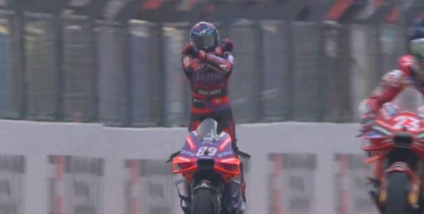 Una celebración que hemos visto cientos de veces en los terrenos de juegos por parte del portugués, pero que ahora se pasa a las motos gracias a la gran actuación de un Jorge Martín que no ha tenido oposición en Portugal.
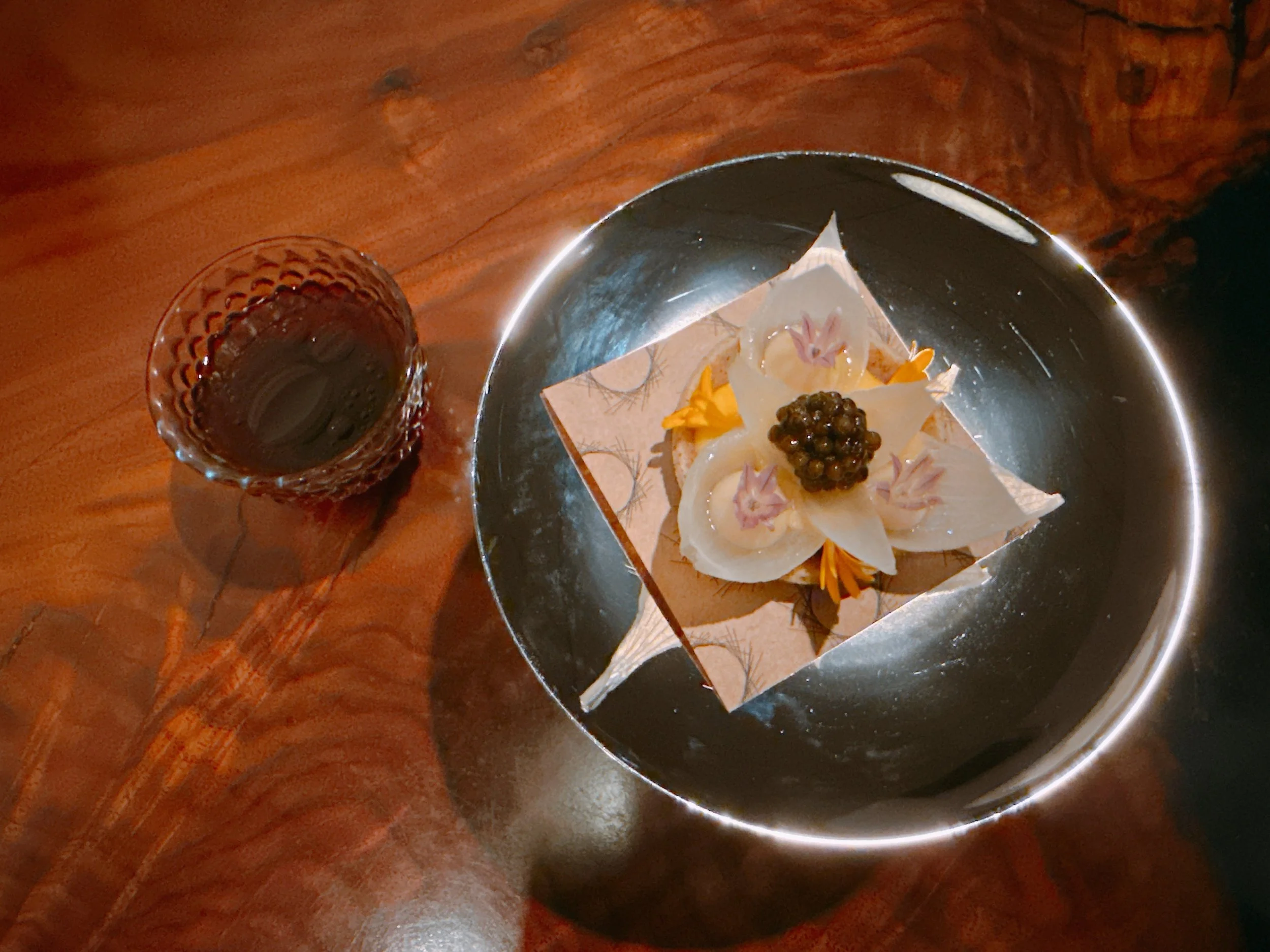 Always on the menu at Atelier Crenn is a play on an onion soup. This time, we received an onion tartlet containing buckwheat, caramelized onions, an aged cheese sauce, an onion petal confit and a dollop of caviar. In a separate cup was a broth made from the rest of the onions, seasoned with kombu, Parmigiano Reggiano fat and scallion oil. Especially the tartlet was bursting with flavors of caramelized onions - it was close to perfect for a dish capturing the essence of onions. The soup tasted less strong - surprising, since it's often the other way around. Still, for the tartlet alone, a 20.
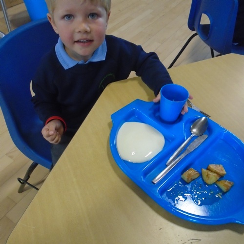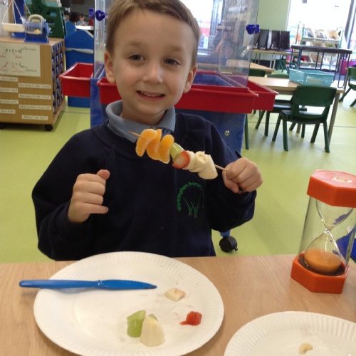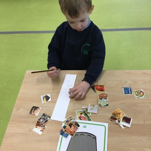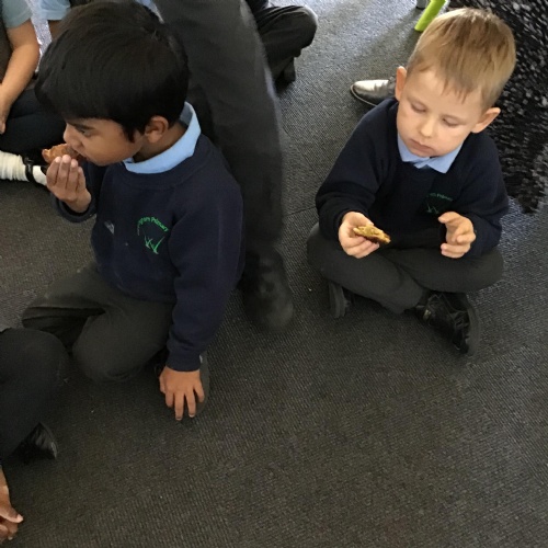 This week, the children have finished learning about the topic of food. As a class, we conducted an experiment to find out what happens to a variety of food when it goes off. They made predictions as to what they thought would happen to milk, yoghurt, houmous, a banana and a slice of bread if they were not kept in the fridge and instead kept somewhere warm. Today, the children were asked to make comments as to how these five items of food have changed. With an adult, the children have been using their phonic knowledge to write a list of things that they want to buy from the shops and I was very impressed with the children being able to record the sounds that they could hear in the different words. Perhaps the children could help you to write your food shopping list this week too? For our outdoor learning this week, the children worked with the children from class 2 to create a woodland animal out of sticks, made leaf rubbings and also made a boat that would hopefully float across the water (Miss Blyth has uploaded some photos from the children's outdoor learning this week). I am going to be completing benchmark reading assessments with the children next week so please continue to practise reading as much as possible at home, including asking the children questions about what they have read. Next week the children will be learning the sounds v, w, x and y in our phonics sessions. Our fruit and vegetable initiative from the government where each child will receive a healthy snack every day will begin on Monday. Thank you and I hope you all have a lovely weekend
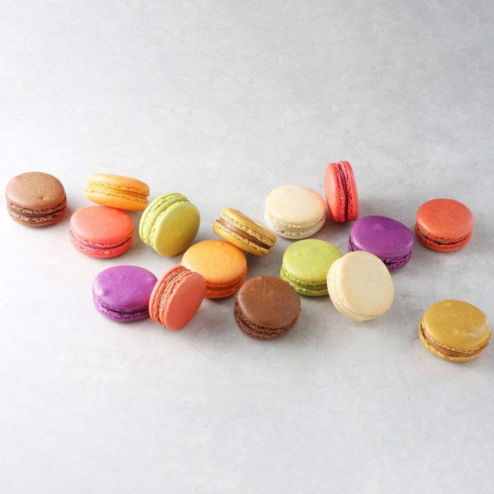 焼き上げたマカロンはすぐに急速冷凍をかけています。マカロンは作られた直後が最も美味しく味わえる時間とされており、お客様自身で解凍していただくことで、出来立てのフレッシュな味わいと食感をお楽しみいただけます。
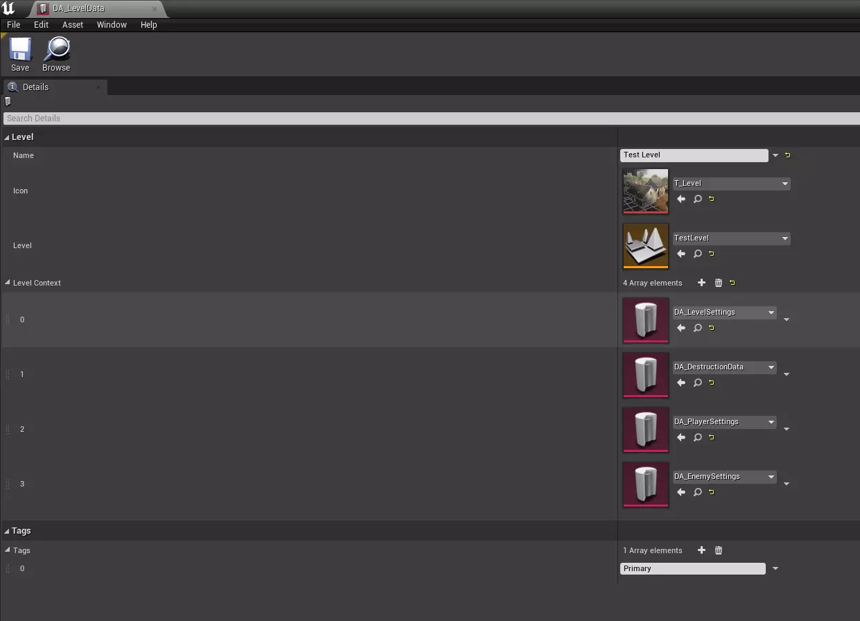 • 在地图各处放置角色并为其设置标签。接下来,我们将以目标点为例进行说明,但你完全可以使用任何角色,只要它们属于已创建的插件或虚幻引擎的默认角色即可。 目标点可在“放置角色”->“所有类”->“目标点”中找到。 关卡标签表: 1. 名称:PlayerSpawnPoint,描述:设置玩家的生成点。 2. 名称:EnemySpawnPoint,描述:设置敌人的生成点。 3. 名称:VehicleSpawnPoint(n),描述:设置载具的生成点。括号中的数字(从1开始)用于队伍分组。例如,玩家使用VehicleSpawnPoint(1),敌人使用VehicleSpawnPoint(2)。4. 攻击方向点:设置攻击方向。 5. 士兵防御位置:设置士兵将进入防御状态的位置。用于某一方以防御状态开始的情况。 6. 载具防御位置:设置载具将进入防御状态的位置。用于某一方以防御状态开始的情况。 7. 防御建筑:表明该实体为防御建筑,士兵可在其中占据阵地。在此实体内,需放置标签为【#5】的目标点。 8. 小队索引(n):为标签【#3】强制设置小队编号的标签。默认情况下,小队将按照目标点添加到场景的顺序出现。以小队索引(0)开始。9 坐姿 用于为士兵设置坐姿的标签。需与标签#5一同使用。10 卧姿 用于为士兵设置俯卧姿势的标签。需与标签#5一同使用。11 寻找掩护 指示士兵寻找掩护的标签。需与标签#5一同使用。 • 最后阶段,与其他任何模组一样,我们需要填充数据资产。关卡有两个关键数据资产,分别是关卡和关卡上下文。第一个资产收集关卡的所有数据,包括【主要】标签。关卡上下文设置需要包含在关卡中的额外数据。它们的名称前缀为【BP_Context】。那么,首先,让我们在BP_Context_LevelSettings中设置游戏难度和一天中的时间(这将与你的等级相对应)。

* * * * * * *

## ACTION ITEM
The records above, minus their pictures, are to be returned word for word.

## EXPECTED ANSWER
 Una celebración que hemos visto cientos de veces en los terrenos de juegos por parte del portugués, pero que ahora se pasa a las motos gracias a la gran actuación de un Jorge Martín que no ha tenido oposición en Portugal.
 Always on the menu at Atelier Crenn is a play on an onion soup. This time, we received an onion tartlet containing buckwheat, caramelized onions, an aged cheese sauce, an onion petal confit and a dollop of caviar. In a separate cup was a broth made from the rest of the onions, seasoned with kombu, Parmigiano Reggiano fat and scallion oil. Especially the tartlet was bursting with flavors of caramelized onions - it was close to perfect for a dish capturing the essence of onions. The soup tasted less strong - surprising, since it's often the other way around. Still, for the tartlet alone, a 20.
 This week, the children have finished learning about the topic of food. As a class, we conducted an experiment to find out what happens to a variety of food when it goes off. They made predictions as to what they thought would happen to milk, yoghurt, houmous, a banana and a slice of bread if they were not kept in the fridge and instead kept somewhere warm. Today, the children were asked to make comments as to how these five items of food have changed. With an adult, the children have been using their phonic knowledge to write a list of things that they want to buy from the shops and I was very impressed with the children being able to record the sounds that they could hear in the different words. Perhaps the children could help you to write your food shopping list this week too? For our outdoor learning this week, the children worked with the children from class 2 to create a woodland animal out of sticks, made leaf rubbings and also made a boat that would hopefully float across the water (Miss Blyth has uploaded some photos from the children's outdoor learning this week). I am going to be completing benchmark reading assessments with the children next week so please continue to practise reading as much as possible at home, including asking the children questions about what they have read. Next week the children will be learning the sounds v, w, x and y in our phonics sessions. Our fruit and vegetable initiative from the government where each child will receive a healthy snack every day will begin on Monday. Thank you and I hope you all have a lovely weekend
 焼き上げたマカロンはすぐに急速冷凍をかけています。マカロンは作られた直後が最も美味しく味わえる時間とされており、お客様自身で解凍していただくことで、出来立てのフレッシュな味わいと食感をお楽しみいただけます。
 • 在地图各处放置角色并为其设置标签。接下来,我们将以目标点为例进行说明,但你完全可以使用任何角色,只要它们属于已创建的插件或虚幻引擎的默认角色即可。 目标点可在“放置角色”->“所有类”->“目标点”中找到。 关卡标签表: 1. 名称:PlayerSpawnPoint,描述:设置玩家的生成点。 2. 名称:EnemySpawnPoint,描述:设置敌人的生成点。 3. 名称:VehicleSpawnPoint(n),描述:设置载具的生成点。括号中的数字(从1开始)用于队伍分组。例如,玩家使用VehicleSpawnPoint(1),敌人使用VehicleSpawnPoint(2)。4. 攻击方向点:设置攻击方向。 5. 士兵防御位置:设置士兵将进入防御状态的位置。用于某一方以防御状态开始的情况。 6. 载具防御位置:设置载具将进入防御状态的位置。用于某一方以防御状态开始的情况。 7. 防御建筑:表明该实体为防御建筑,士兵可在其中占据阵地。在此实体内,需放置标签为【#5】的目标点。 8. 小队索引(n):为标签【#3】强制设置小队编号的标签。默认情况下,小队将按照目标点添加到场景的顺序出现。以小队索引(0)开始。9 坐姿 用于为士兵设置坐姿的标签。需与标签#5一同使用。10 卧姿 用于为士兵设置俯卧姿势的标签。需与标签#5一同使用。11 寻找掩护 指示士兵寻找掩护的标签。需与标签#5一同使用。 • 最后阶段,与其他任何模组一样,我们需要填充数据资产。关卡有两个关键数据资产,分别是关卡和关卡上下文。第一个资产收集关卡的所有数据,包括【主要】标签。关卡上下文设置需要包含在关卡中的额外数据。它们的名称前缀为【BP_Context】。那么,首先,让我们在BP_Context_LevelSettings中设置游戏难度和一天中的时间(这将与你的等级相对应)。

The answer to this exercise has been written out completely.